If you don’t have a retirement income plan, and you have an IRA, it may be time to put a plan in place. Planning can help you understand how much income you may have in retirement. If there is a gap between how much you’ll need and how much you’ll have, you can make adjustments. Retirement income plans also shed light on the way your post-work income affects Social Security and Medicare benefits.
IRA provisions that may not be popular
The revenue to pay for the SECURE Act was primarily generated by changing the rules for inherited IRAs. Americans with legacy or estate plans that direct retirement assets to trusts may be affected, and the new rules may require immediate action.1
Previously, a child or grandchild could be named as the beneficiary of an IRA, and RMDs could be ‘stretched’ over the beneficiary’s life expectancy. The strategy made it possible for assets in IRAs to grow tax-deferred over generations.8
Now, IRA assets inherited by non-spouse beneficiaries must be distributed within 10 years after the death of the original IRA account owner. There are some exceptions which include spouses, minor children, and the chronically ill or disabled.1
The new rule took effect December 31, 2019. Consequently, if a ‘stretch’ IRA is part of your current estate plan or part of your parents’ estate plan, the plan(s) may need to be changed. The National Law Review explained:9
“Historically, where retirement assets are directed to a trust, the trust beneficiaries could get the benefit of [favorable income tax deferral], provided the trust was properly drafted. For a trust to have qualified for the stretch, the trust must have been drafted as a ‘see-through’ trust. There are two types of see-through trusts: ‘conduit’ trusts and ‘accumulation’ trusts. The greatest impact of the SECURE Act will be on conduit trusts.”
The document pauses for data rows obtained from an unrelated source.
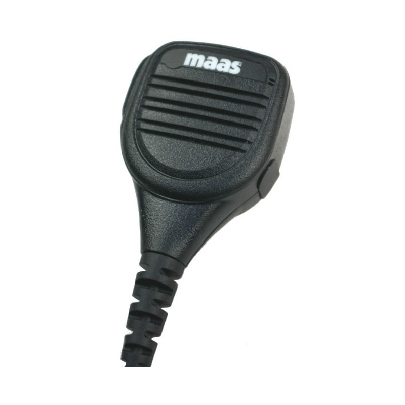 Robust speaker microphone with earphone connector (3.5 mm jack), spiral cable and swivel, sturdy clip.
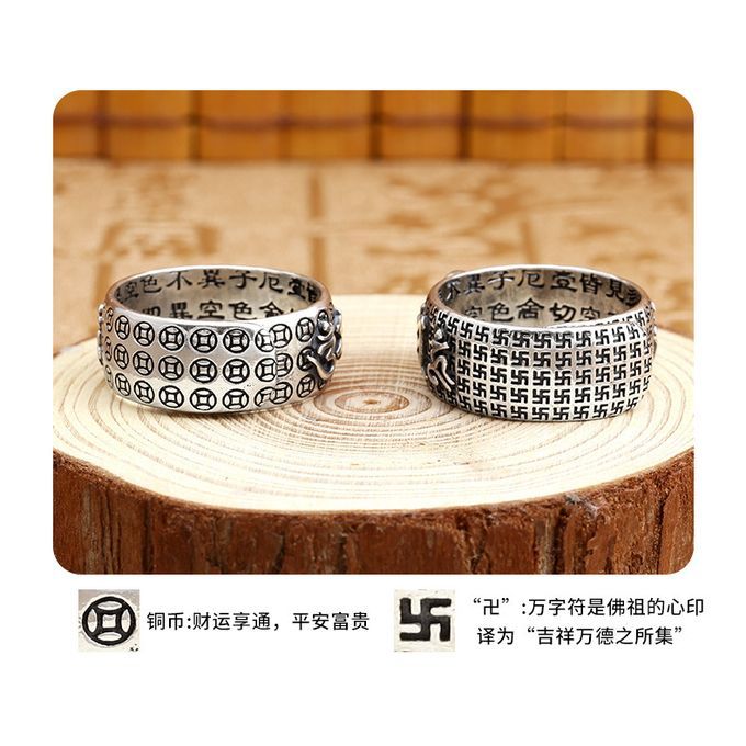 Product DescriptionAlong with the many ancient symbols inscribed onto the inside of this ring, it also has the Six Syllable mantra Om Mani Padme Hum.
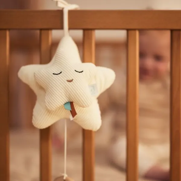 De muziekhanger is voorzien van kleurrijke koordjes en schattige geborduurde oogjes, wat zorgt voor een speels en lief detail. Dankzij het zachte materiaal is deze ster niet alleen een prachtige decoratie, maar ook fijn om naar te kijken en te ontdekken. Ideaal om op te hangen bij het bedje, de box of de kinderwagen!

If you’re unsure whether your estate and legacy plans include trusts as beneficiaries of IRAs, get in touch with your financial professional and/or attorney to find out.
Qualified distributions from 529 College Savings Accounts can do more
Many Americans save for higher education in 529 College Savings Plans because any earnings grow tax-deferred and distributions taken to pay for qualified expenses are tax-free. Also, when you invest in a plan sponsored by your state, contributions may be state-tax deductible.10
The SECURE Act expanded the definition of qualified expenses for 529 college savings plans. The new law included two amendments that significantly changed the definition of qualified education expenses.1
First, parents and grandparents can now help students pay qualified student loans with assets from 529 plans. Up to $10,000 can be distributed to repay principal and interest. The rule is retroactive to the beginning of 2019.1
Second, assets in 529 plans can now be used to pay qualified expenses associated with apprenticeship programs, as long as the programs are registered with the Department of Labor.1
Learn more before you take action
The SECURE Act will affect retirement, estate, and college savings plans. The changes often are nuanced and will apply differently, depending on the individual’s circumstances.